Chief Justice of the Minnesota Supreme Court
- In office December 1, 1990 – January 29, 1998
- Appointed by: Rudy Perpich
- Preceded by: Peter S. Popovich
- Succeeded by: Kathleen A. Blatz

Associate Justice of the Minnesota Supreme Court
- In office February 1, 1989 – December 1, 1990
- Appointed by: Rudy Perpich

37th Lieutenant Governor of Minnesota
- In office January 8, 1963 – January 2, 1967
- Governor: Elmer L. Andersen Karl Rolvaag
- Preceded by: Karl Rolvaag
- Succeeded by: James B. Goetz

Member of the Minnesota Senate from the 4th district
- In office January 6, 1959 – January 7, 1963
- Preceded by: Walter Burdick
- Succeeded by: Harold G. Krieger

Personal details
- Born: Alexander MacDonald Keith November 22, 1928 Rochester, Minnesota, U.S.
- Died: October 3, 2020 (aged 91)
- Party: Democratic (DFL)
- Spouse: Marion E. Sanford
- Alma mater: Amherst College Yale Law School

= Sandy Keith =

American politician and jurist (1928–2020)

Alexander MacDonald "Sandy" Keith (November 22, 1928 – October 3, 2020) was an American politician and jurist who was the first person to hold office in each of the three branches of Minnesota state government, serving as state senator, the 37th lieutenant governor of Minnesota, and as an associate justice and later chief justice of the Minnesota Supreme Court.

==Early life==
Keith was born in Rochester, Minnesota, to Norman M. Keith and Edna (Alexander) Keith. His father was a physician who practiced medicine at the Mayo Clinic. He married Marion E. Sanford on April 29, 1955. Keith graduated magna cum laude from Amherst College in 1950, and from Yale Law School in 1953. He then served in the United States Marine Corps during the Korean War.

==Career==
After returning to his hometown of Rochester, Keith took a job as counsel with the Mayo Clinic, where he worked with future U.S. Supreme Court Justice Harry Blackmun.

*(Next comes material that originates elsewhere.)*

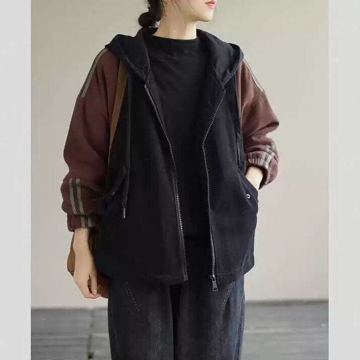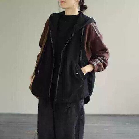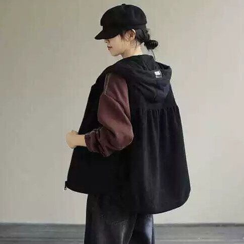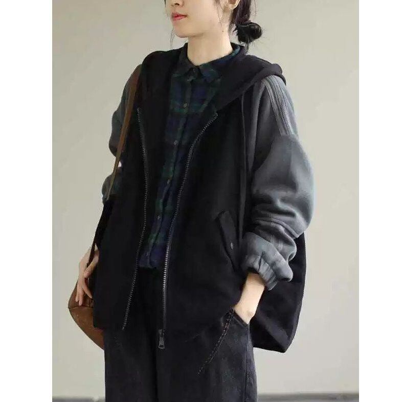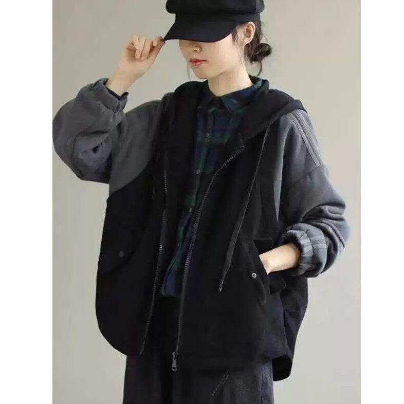 スウェットとベストジャケットを合わせたフェイクツーピースデザインがお洒落な、フード付き・長袖・フルジップのカジュアルジャケットです。袖のダブルラインがアクセントになった、ゆったりとしたシルエットの合わせやすいアイテムです。

In 1959, he was elected to the Minnesota State Senate as a member of the Minnesota Democratic–Farmer–Labor Party (DFL). During his tenure as a state senator, Keith served as a delegate to the 1960 Democratic National Convention. He was Lieutenant Governor of Minnesota under Governor Karl Rolvaag from 1963 until 1967. He challenged Rolvaag for the nomination to be the DFL's candidate for governor in the 1966 general election, but was defeated by Rolvaag in the primary election.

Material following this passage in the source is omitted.